> [Exercise details]
Could you copy the data that follows exactly as written, but drop the pictures?

> [Supplied data]
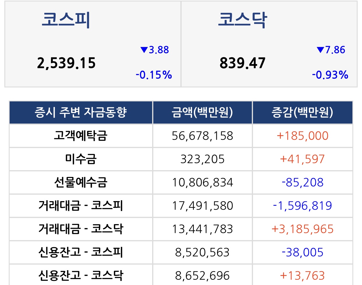 마감 지수 : KOSPI 2,539.15P(-3.88P/-0.15%)
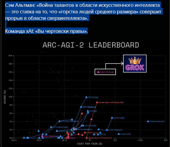 >>1312766 Да нифига, Грок при разработке с нуля дает ответы уже на уровне ГПТ5. Причем еще в 3й версии давал. Маск сманивает спецов у Цукерберга. Еще годик такого и Маск всех выебет. Все таки чел ракеты в космос запускает и теслы на рынок вывел, как ИИ сделать он тоже знает, это не цук бестолковый.
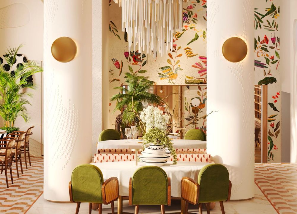 Step inside, and the first thing you notice isn’t the menu (though it promises delight), it’s the interiors. Walls are white, sculptured, and textured, creating depth and light without overwhelming the senses. Vibrantly upholstered plush dining chairs and sofas draped in rich fabrics invite you to settle in with the subtle insistence of someone who knows you might want to linger. Subtle design details create a room that feels both playful and sophisticated — a rare trick in Puerto Banús, where too many spaces try and too few succeed.
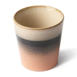 70’s muki tulee HKlivingiltä. Se on valmistettu lasitetusta keramiikasta ja se tuo mieleen 1970-luvun tyylin. Muki on saatavana eri lasituksilla erivärisinä ja niitä on hauska yhdistellä keskenään.

> [Written response]
 마감 지수 : KOSPI 2,539.15P(-3.88P/-0.15%)
 >>1312766 Да нифига, Грок при разработке с нуля дает ответы уже на уровне ГПТ5. Причем еще в 3й версии давал. Маск сманивает спецов у Цукерберга. Еще годик такого и Маск всех выебет. Все таки чел ракеты в космос запускает и теслы на рынок вывел, как ИИ сделать он тоже знает, это не цук бестолковый.
 Step inside, and the first thing you notice isn’t the menu (though it promises delight), it’s the interiors. Walls are white, sculptured, and textured, creating depth and light without overwhelming the senses. Vibrantly upholstered plush dining chairs and sofas draped in rich fabrics invite you to settle in with the subtle insistence of someone who knows you might want to linger. Subtle design details create a room that feels both playful and sophisticated — a rare trick in Puerto Banús, where too many spaces try and too few succeed.
 70’s muki tulee HKlivingiltä. Se on valmistettu lasitetusta keramiikasta ja se tuo mieleen 1970-luvun tyylin. Muki on saatavana eri lasituksilla erivärisinä ja niitä on hauska yhdistellä keskenään.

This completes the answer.